Cryptocurrency is a high-risk investment option sought after by many institutional and individual investors (including Elon Musk). The risk profile is driven by the fact the digital currency is intangible, not insured by a federal institution, and is traded on non-regulated stock markets. Despite these obvious issues, cryptocurrency investments in Bitcoin, Ethereum, and others have reached a market cap of $2.57T. The acceptance of cryptocurrency as a payment option by Philipp Plein, Shopify, Whole Foods, Microsoft, AT&T, and Etsy has only increased its popularity. However, the rules and regulations governing cryptocurrency will soon change thanks to the recently passed Infrastructure Investment and Job Act. The modifications include reporting cryptocurrency gains on Form 1099-B, new informational reporting when more than $10,000 in digital currency is received, and changes that make cryptocurrency exchanges subject to the same reporting requirements as brokerages. Clearly, the additional rules are designed to build the structure needed to more closely regulate trading and taxation. To help clients, prospects, and others, Wilson Lewis has provided a summary of the key details below.

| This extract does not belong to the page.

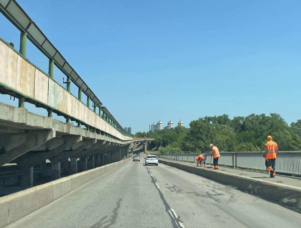 6月20日,市政人员在乌克兰基辅修复受损的地铁桥路面。新华社记者李东旭摄
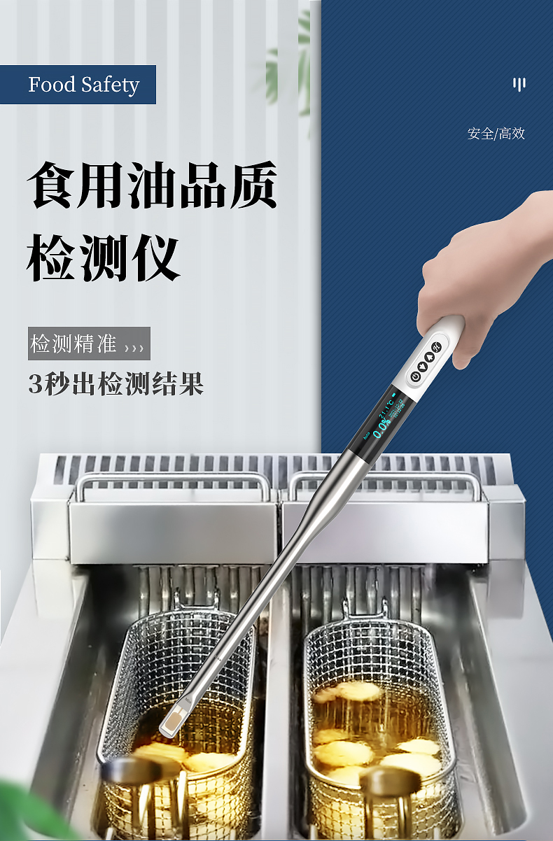 食用油脂是人們攝取能量和營養的重要來源,是加工食品的重要原料。油炸食品以其特有風味廣受消費者喜歡。用于煎炸的食用油在高溫煎炸過程中發生一系列的物理、化學變化,這些變化會生成對身體健康有害的物質。目前,煎炸食用油的傳統檢測方法多為化學方法,這些方法必須在實驗室內由專業人員操作,費時費力,化學試劑的使用可能會傷害檢測人員健康,且化學廢劑污染了環境。HM-SYP是一種快速,安全,高效食用油品質檢測儀,能夠快速檢測食用油中的極性化合物組分含量。本產品能夠在油溫較高的環境下使用,適用于各種煎炸的食用油品質檢驗。

Under new regulations, the traditional reporting requirements for certain transactions involving over $10,000 in cash have been extended to include a new digital asset class. Most certainly, this includes transactions using various cryptocurrency types. This applies to those who receive digital currency valued at $10,000 or more while simultaneously engaged in trade or business. Taxpayers will now be required to use IRS Form 8300 and include the name, address, and other information on who initiated the transaction.
There is also a change that reveals how the IRS intends to tax cryptocurrency transactions in the future. The IRS now defines a digital asset as “any digital representation of value, which is recorded on a cryptographically secured distributed ledger or any similar technology as specified by the [IRS].” The new definition makes it clear that cryptocurrency is just like any other stocks, bonds, or commodities traded on an exchange. In other words, the taxation of cryptocurrency is the same as other stocks and will still involve payment of capital gains tax.
Another important change is the definition of a broker which includes “any person who (for consideration) is responsible for providing a service effectuating the transfer of digital assets on behalf of another person.” This means cryptocurrency exchanges such as Coinbase and Binance.US will soon be treated the same as established brokerage firms when it comes to tax treatment and reporting. What this means is digital currency exchanges will be required to use IRS Form 1099-B which is sent by brokers to investors to obtain information on capital gains/losses and other personal financial information.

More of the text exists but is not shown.